Neal is not only the best boyfriend I could wish for, but he’s an all-around brilliant person. He is so thoughtful. He has shown me what unconditional love looks and feels like. There isn’t a day goes by where I don’t think about how fortunate I am. He’s never once given me a reason to doubt how he feels about me. He goes out of his way to make me feel special, from little gestures to bigger ones. Even though we have only been together a year and a half, he has supported me through so much, and I feel safe in the knowledge that he’ll stand by me, no matter what happens. I am certain he is the person I am going to spend my life with, and I’m so glad! There’s no one else I could see myself with now.

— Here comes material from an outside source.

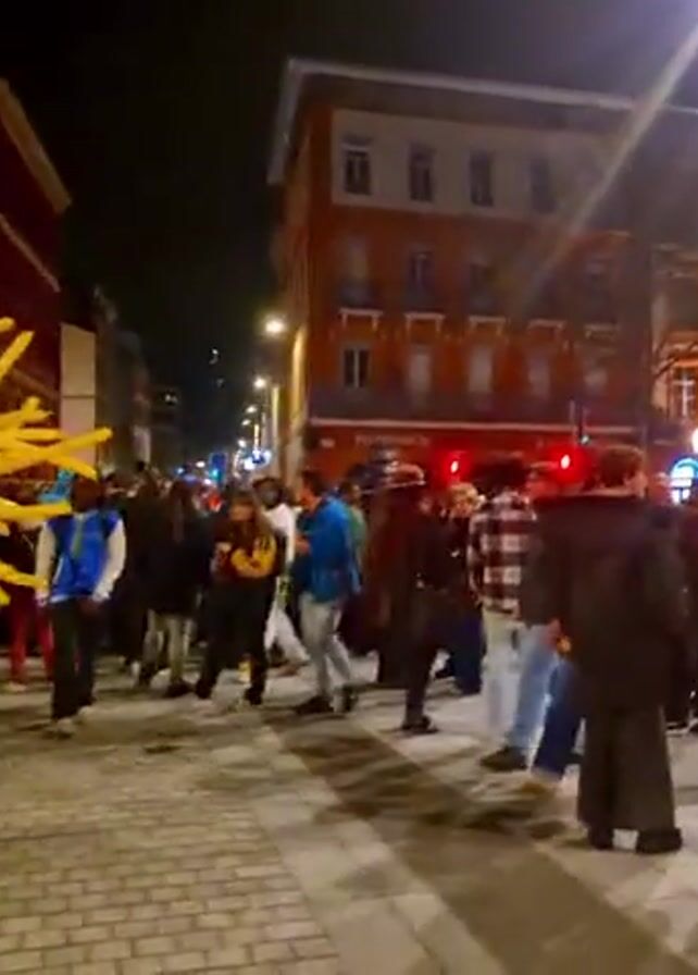crowd of people walking in a European city at night. The buildings have a classic European style, and a pharmacy sign is visible. The crowd appears to be diverse, and some people are wearing costumes or carrying novelty items. One person is carrying a large bouquet of yellow balloons, giving a festive atmosphere to the scene. The ground is paved with cobblestones. The lighting is provided by streetlights and illuminated building signs. The overall impression is of a lively street scene at night.

I would never have had this incredible person in my life, let alone as my partner, if it wasn’t for internet dating!
So, while I understand it might not seem overly appealing at first, I’d recommend giving it a go. You never know who you might find.
How did you meet your partner? I’d love to hear some stories in the comments! If you’re single, share your internet dating experiences if you have them and, if not, would you ever try it?